Ted Charles Gets $14 Million Transition Out Of Investors Capital Hot
In fact, Charles ultimately priced his 3.6 million shares of ICH for $4.25 apiece, netting over $14 million after fees.
The stock hasn't traded that low since January, making it an easy sell for underwriter Sterne Agee to move on the open market.
It turns out that ICH employees -- including some of its 500-plus reps -- and clientele bought a lot of the shares, putting an end to talk of a merger with a larger rival like LPL.
Unless a decent chunk of Charles' shares went to insiders, ICH would be unable to go on calling itself the only publicly traded employee-owned firm in the business -- a factor deeply important to him.
"I wanted it to remain a publicly traded firm where advisors are truly independent and in charge of their own destinies, unencumbered and uncontrolled by a dominating entity such as an insurance company, private equity firm, or majority shareholder," he says.

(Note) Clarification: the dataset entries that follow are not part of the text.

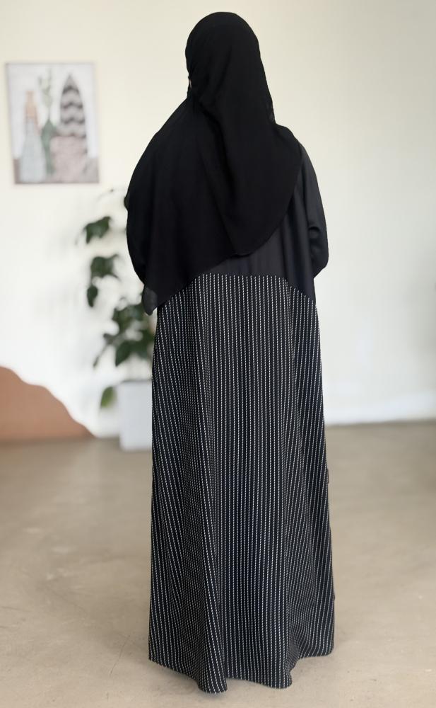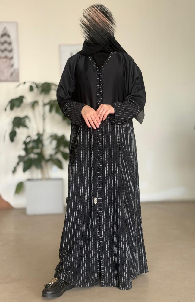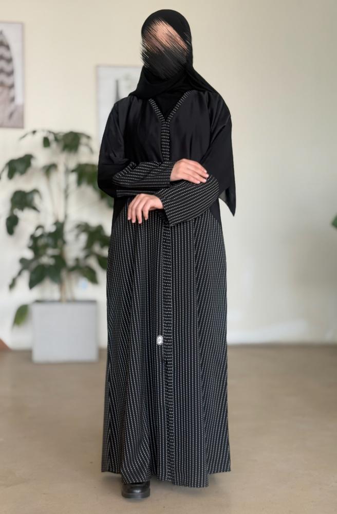 الوصف : عباية بطرحة بدر زرارات من الامام قماش مقلم نواعم كوري على الصدر + قماش صالونه منقط
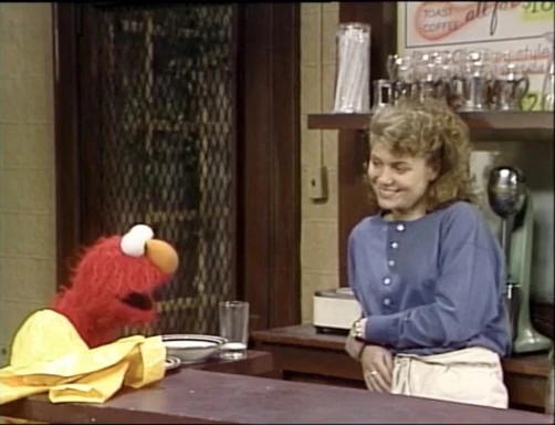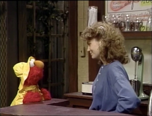 SCENE 2 | Elmo makes his way to Hooper's Store for lunch. He decides to wait outside at the table while Gina prepares his order, but she makes him come back inside and think about what would happen to his food if it went in the rain. Elmo thinks he can hold an umbrella while he eats, but realizes that he can't do both simultaneously very well. Instead, he runs off to get someone to hold an umbrella over him while he eats. |
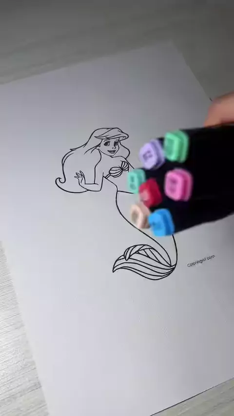 Relaxing coloring of Ariel from The Little Mermaid 🧜‍♀️ #coloring #colorir #asmrsounds
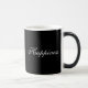 Caneca de boa qualidade, bom tamanho, não parece ser aquela louça que trinca ou descasca. Com os cuidados necessários, irá ter boa durabilidade. Antes de se colocar a bebida quente, ela fica preta, mas numa cor bem brilhante. Meu namorado é DJ e encomendei esta caneca pra um café da manhã com o pessoal da equipe! Sei q será o maior sucesso...em breve sei q vão pedir pra eu encomendar pra eles, e penso em fazer com o nome da empresa também. A caneca é muito legal, a coisa da trasmutação...mas o q não ficou muito legal foi a impressão da imagem da foto, não ficou como a foto q enviei...sei q mandei uma foto q é uma sombra, mas se as cores q estão em voltam aparecessem, ficaria bom. Na parte da frente ficou boa, mas atrás dele, a iluminação azul não saiu, ficando assim muito escuro, e não dá pra ver q é a sombra de uma pessoa. Se a Zazzle tivesse me enviado um e-mail dizendo q isso aconteceria, eu teria enviado uma foto mais clara, mas como a imagem de teste q tenho no site está nítida, pensei q fosse ficar assim. O chato q a caneca é presente, e a pessoa q ganhou, não consegue se ver na foto. Ficou sem propósito no final das contas. =(

Charles himself is retiring after 19 years at the top of the firm he founded back in 1992.
He leaves on a relative high note: annual production has doubled in the last five years to roughly $162,000 per rep.
In terms of transition packages, the sale values ICH at roughly three times the firm's trailing revenue, which puts it well within traditional industry norms.
Tim Murphy will remain CEO, but now a new chairman needs to be elected.